Friday, November 8, 2013

The Professional by Ashok Ferrey

England is in news for an immigration issue where it is considering a law which would require those from a select group of countries (including India) to furnish 3000 pound as refundable bond as a warranty against overstay of visa period. Thankfully it has been dropped now. But the fact that the British government insisted on it suggests that England has long dealt with the immigration problem. (Alas, all big countries have but have reacted more soberly to it.)

That was the reason why I picked up The Professional (by Ashok Ferry): it promised a story about the immigrant experience in England not set in recent times but in the 80s. But that’s okay with me.

The Professional involves a narrative form I have come to like - where the narrative moves back and forth in time to cover a character’s past and present, with the past quietly explaining the reader what led to his present circumstances. The Professional narrates the story of Chamath seen through his older self 35 years later. Chamath, an Oxford alumnus, has applied for his residency permit and he is banned to work until he gets it.

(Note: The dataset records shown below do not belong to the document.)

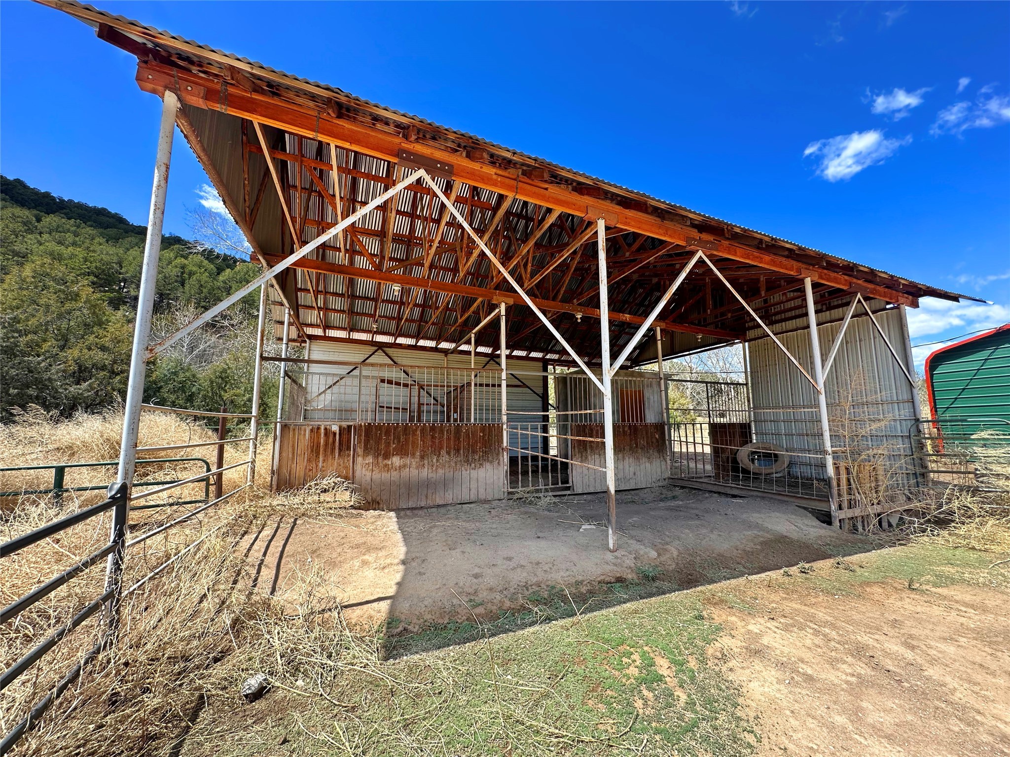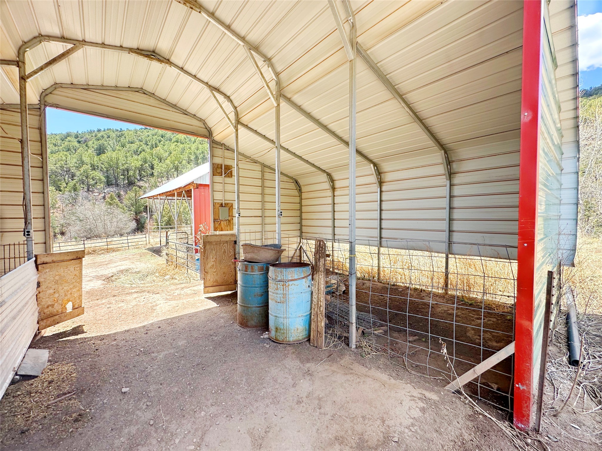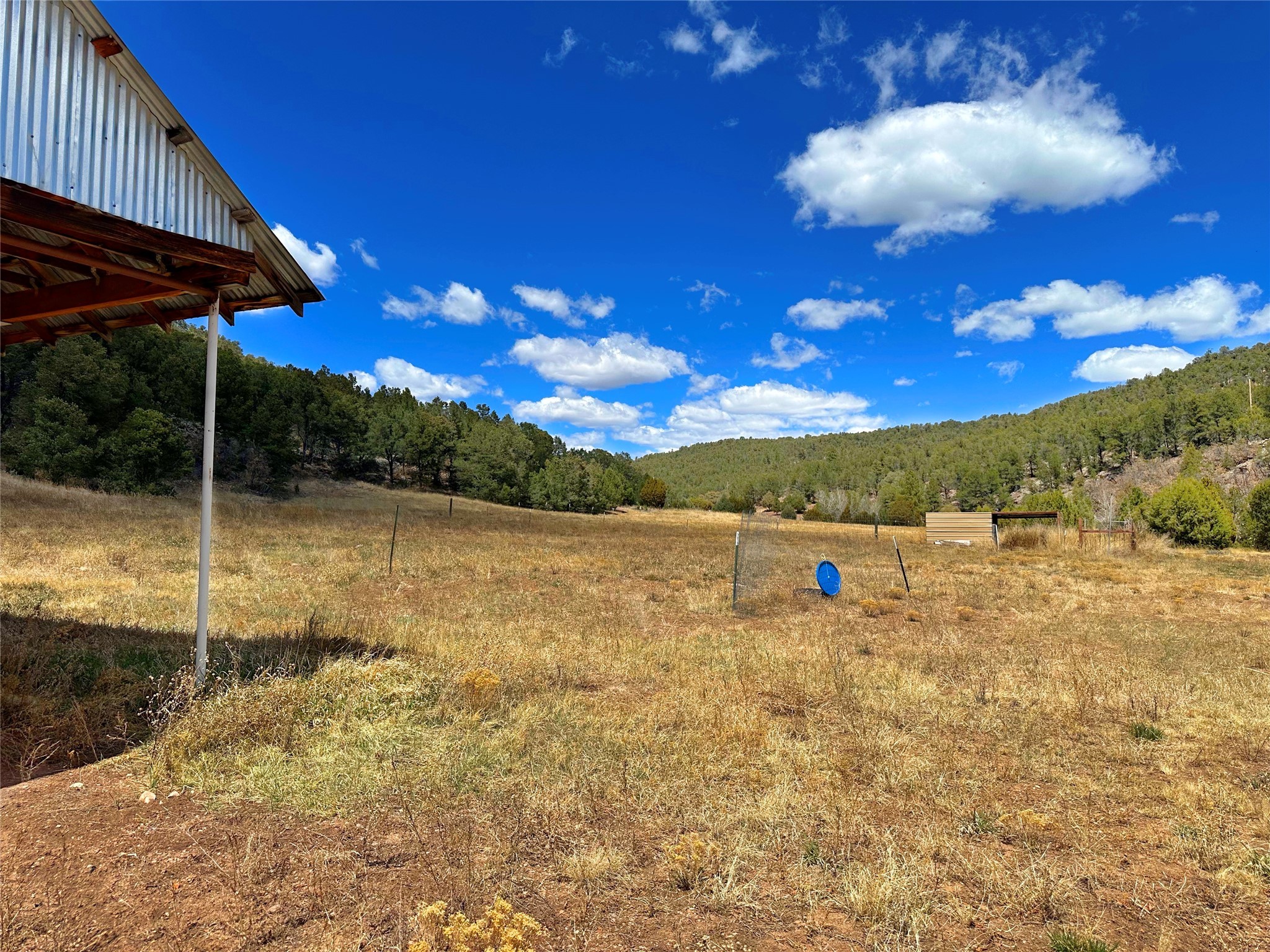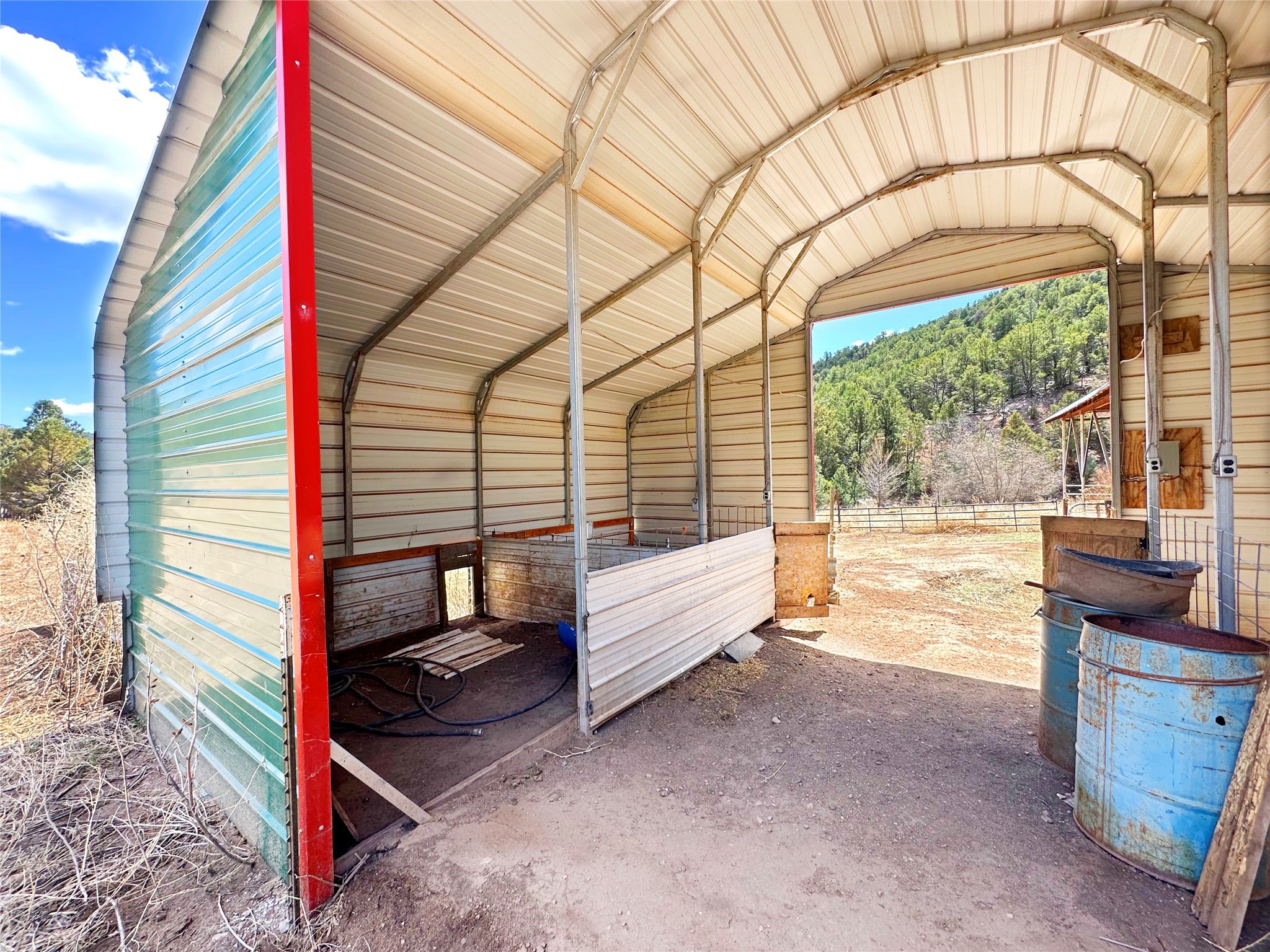 This 27+ acre northern New Mexico homestead features a 3-bed, 2-bath manufactured home, ready for your updates. Recent infrastructure upgrades include a new well pump and updated septic system. Natural water flow is guided by erosion control efforts and engineered drainage that feeds into a small seasonal pond. The property has been lovingly used as a small livestock farm with pens for pigs, goats, and chickens, plus corrals that can accommodate horses. The fenced pasture allows for some rotational grazing (electric fencing may need regular maintenance). A mature grapevine and a young orchard of apple and pear trees near the home offer food production potential, with space for expanded gardening. A large workshop/garage provides excellent storage for vehicles, tools, and ATVs, and includes an electric RV hookup. The acreage rises into a well-maintained pion forest, which has been selectively thinned to provide both grazing and usable timber. The topography is steep in places but accessible from the northern boundary, where a natural shelf offers a potential wooded build site. The property shares a boundary with National Forest and is located near Bull Creek, offering both privacy and direct access to public land. Just 50 minutes from Santa Fe via well-maintained roads, this versatile property is ready for homesteading, recreation, or peaceful rural living with existing agricultural infrastructure and stunning natural surroundings.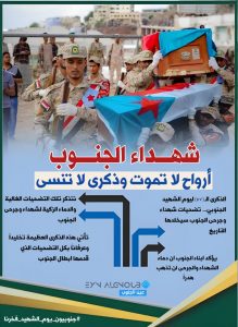 شهداؤنا هم أنبل وأعظم من أنجبتهم أرض الجنوب الطاهرة في الماضي والحاضر، تتلاشى التضحيات أمام تضحياتهم، ويقف الجميع إجلالا لما صنعوه من مجد سطّروه بدمائهم الزكية.. رحلوا عن دنيانا بعد أن كتبوا مآثرهم في أنصع صفحات التاريخ الجنوبي وتركوا للأجيال دروسا خالدة في حب الوطن والتضحية لأجله.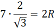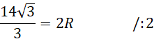 W tym zadaniu musisz obliczyć promień okręgu opisanego na trójkącie ABC, jeśli wiesz, że a = 7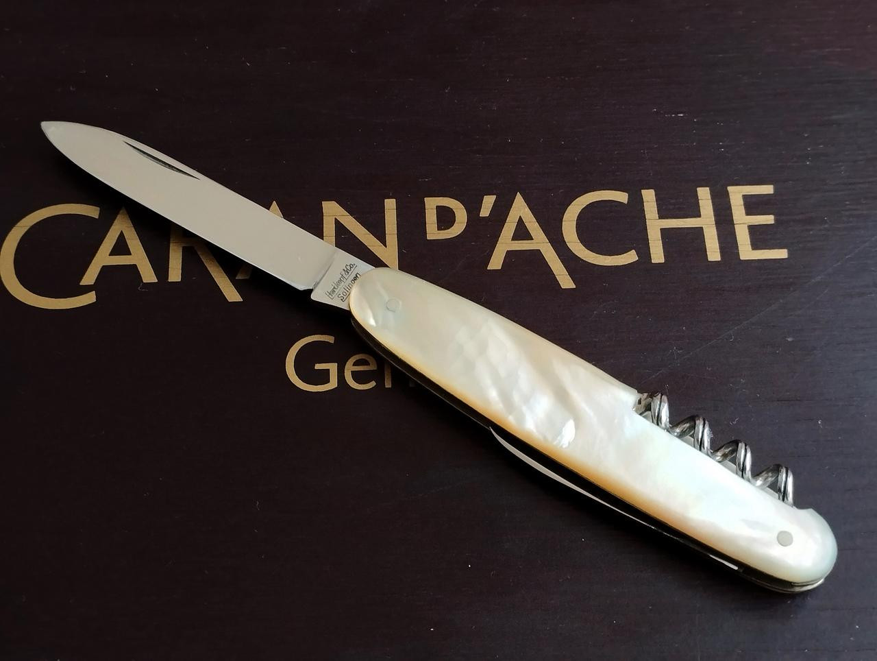 Griff 10,8 cm, Hauptklinge 9 cm, ergeben ein ausgewachsenes Messer von rd. 20 cm. Konnte /kann da ein anderer Solinger Hersteller mithalten? Mehr noch: Verhältnis Griff : Klinge hat mit Faktor 1,2 bereits Froberg-Werte. Wer brachte / bringt mehr Kinge im Griff unter?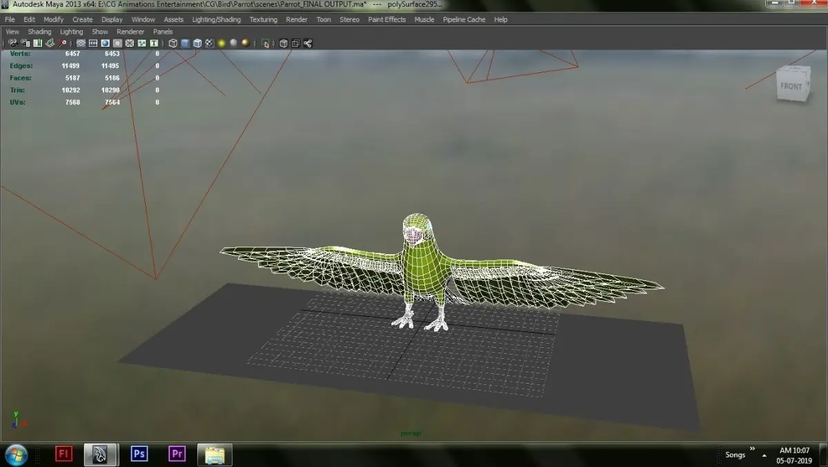 Along with the material, texture, I have added one Wireframe preview of the Green Parrot.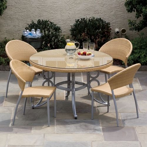 Sabbia outdoor wicker dining group. Includes four dining chairs and one 48 inches round dining table with glass top. Features sturdy powder coated aluminum frames braided with all weather wicker. Resistant to harsh outdoor conditions. Natural color outdoor wicker provides this modern design with a traditional touch. Great choice for garden, poolside, patio or deck. Table has a hole for umbrella.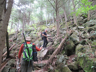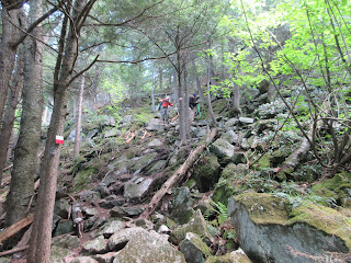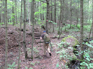 At one point we encounter a rather steep but beautiful section and great precaution must be taken,as we get closer to the summit we start feeling the wind blowing thru the trees and this is very welcome as it is a humid day and the mosquitos are out in full force.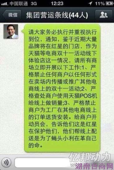 车建新:严禁任何商户以任何形式在卖场内传播或推广其他电商线上的“双11”活动;严格查处商户使用天猫POS机给线上做销量;严格禁止商户为工厂在其他电商线上的订单送货安装。给商户开动员会,告诉他们,这是红星在保护他们,他们帮线上做配送是为了蝇头小利革自己的命。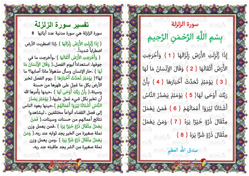 سورة الزلزلة هي سورة مدنية عدد آياتها 8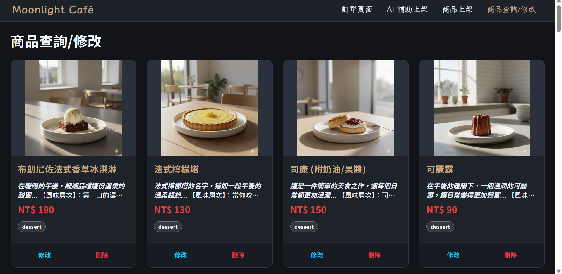 採用卡片式佈局,展示商品圖片、名稱、價格、分類標籤與上架狀態。按下每個產品下方的修改按鈕,即可將產品資訊帶入修改模式進行修改,按下刪除按鈕即可將該產品進行下架。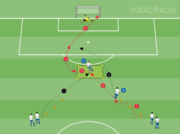 - O jogador B conduz a bola através de três cones em slalom; ao mesmo tempo, o jogador A corre a toda a velocidade para o interior do retângulo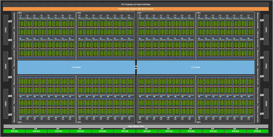 Architektura A100: megačip s 8192 CUDA jádry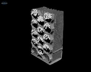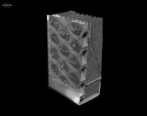 Using CTVox, we can digitally cut away the pre-filter layer to reveal the underlying structure (Figure 3). The next region within the filter assembly is a polymeric honeycomb style mesh containing activated carbon pellets. A thin mesh is visible, used to restrict the activated carbon pellets into their respective honeycomb style holes within the larger plastic mesh. It is interesting to note that the pellets are free-flowing within each hole and do not fill the entire volume.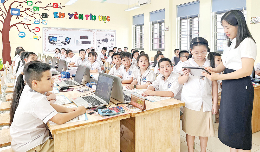 Ứng dụng thiết bị thông minh vào giảng dạy tại Trường Tiểu học Dĩnh Kế (phường Bắc Giang). |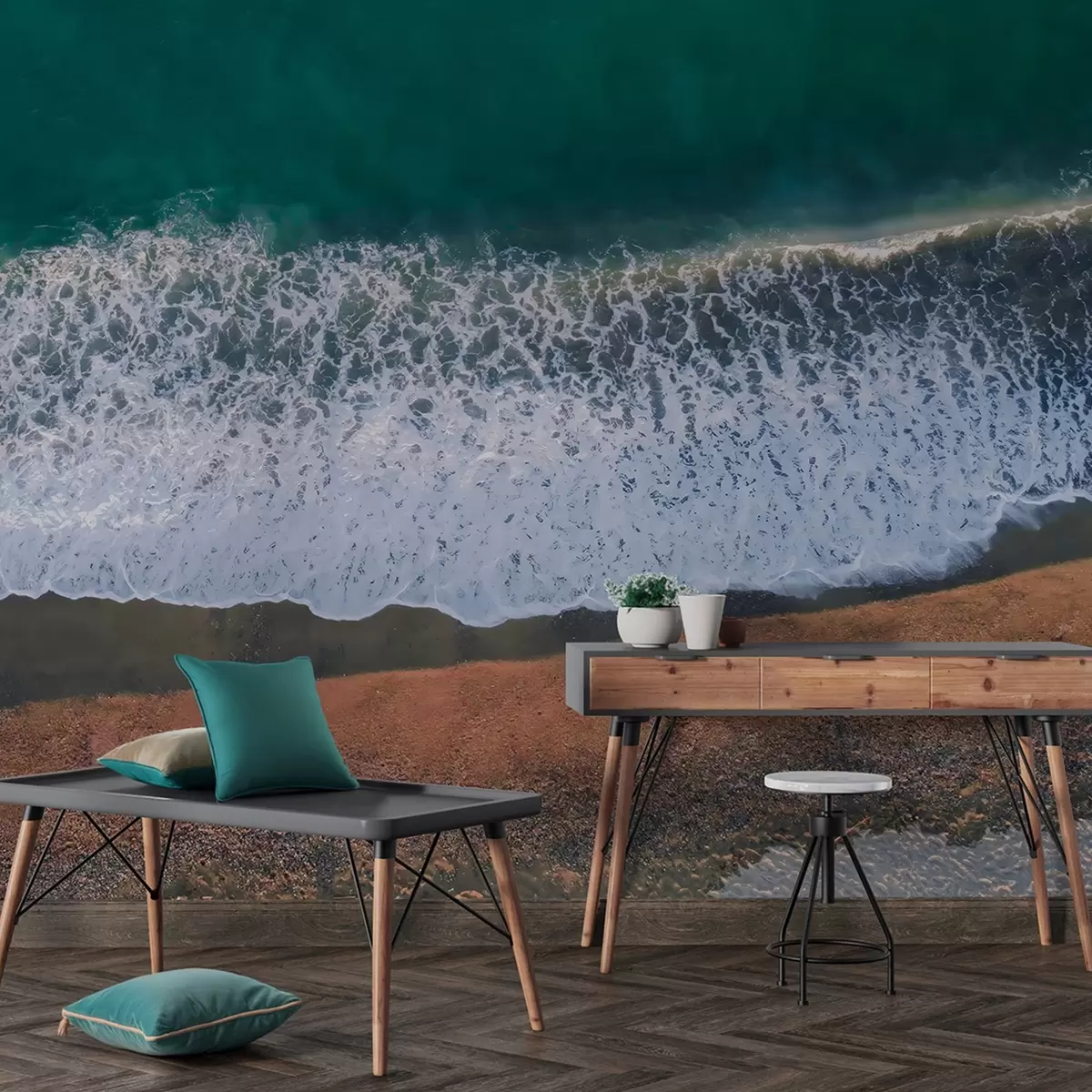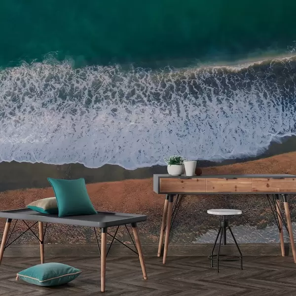Fototapeta Fale oceanu, plaża, fotografia lotnicza, realizm, lato Nr w04095

And the only option to earn a living is the unorganized sector. In the meantime, Chamath’s father sends him a letter from Srilanka expressing his inability to send Chamath money and asking him to let out their flat in London which was bought some time back. Chamath finds an employment at a construction site where one day he is approached by two men who promise him good money for very little work. And thus starts Chamath’s dual life: a male escort in the evening and a construction site worker in the morning. His life in the evening takes him to people seeking company and pleasure and finally brings him to a couple who become his friends and benefactors.  

The Professional moves back and forth in time effortlessly and describes the world of a young Chamath, in London, and old, in Srilanka, quite well. It shows both sides of the immigrant experience: how is it for an immigrant to stay without a permanent resident status and the sacrifices parents make to send and educate their children abroad.

On the downside, however, the book moves from one narrative method to another without sometimes any change in content style to indicate the digression. Another thing that disappointed is that it documents the immigrant experience well, telling its highs and lows. But its synopsis promises more. The synopsis says the book would take you through the Thatcher years, England’s years of greed, as the synopsis puts it. 

But the story says very little about those years. The book informs that Chamath met with some prosperity as a real estate agent in later years which coincided with Thatcher rule and leaves it at that without detailing those years.


Detailing how he moved to prosperity would have been a good way to end the story on a more conclusive note; instead, the story ends Chamath’s England stay abruptly and later, in an epilogic fashion, informs what Chamath did in his later years in England, that he became a prosperous real estate person. It was my first book by a Srilankan writer and I liked it generally.

2 comments:

Ellen said...

This is very interesting. Noted. And thanks for posting.

Blessings to you and your loved ones.

indrablog said...

Hi Ellen,
Ya, that's a good novel. Reading a lot about the storm that's has hit your country. Take care.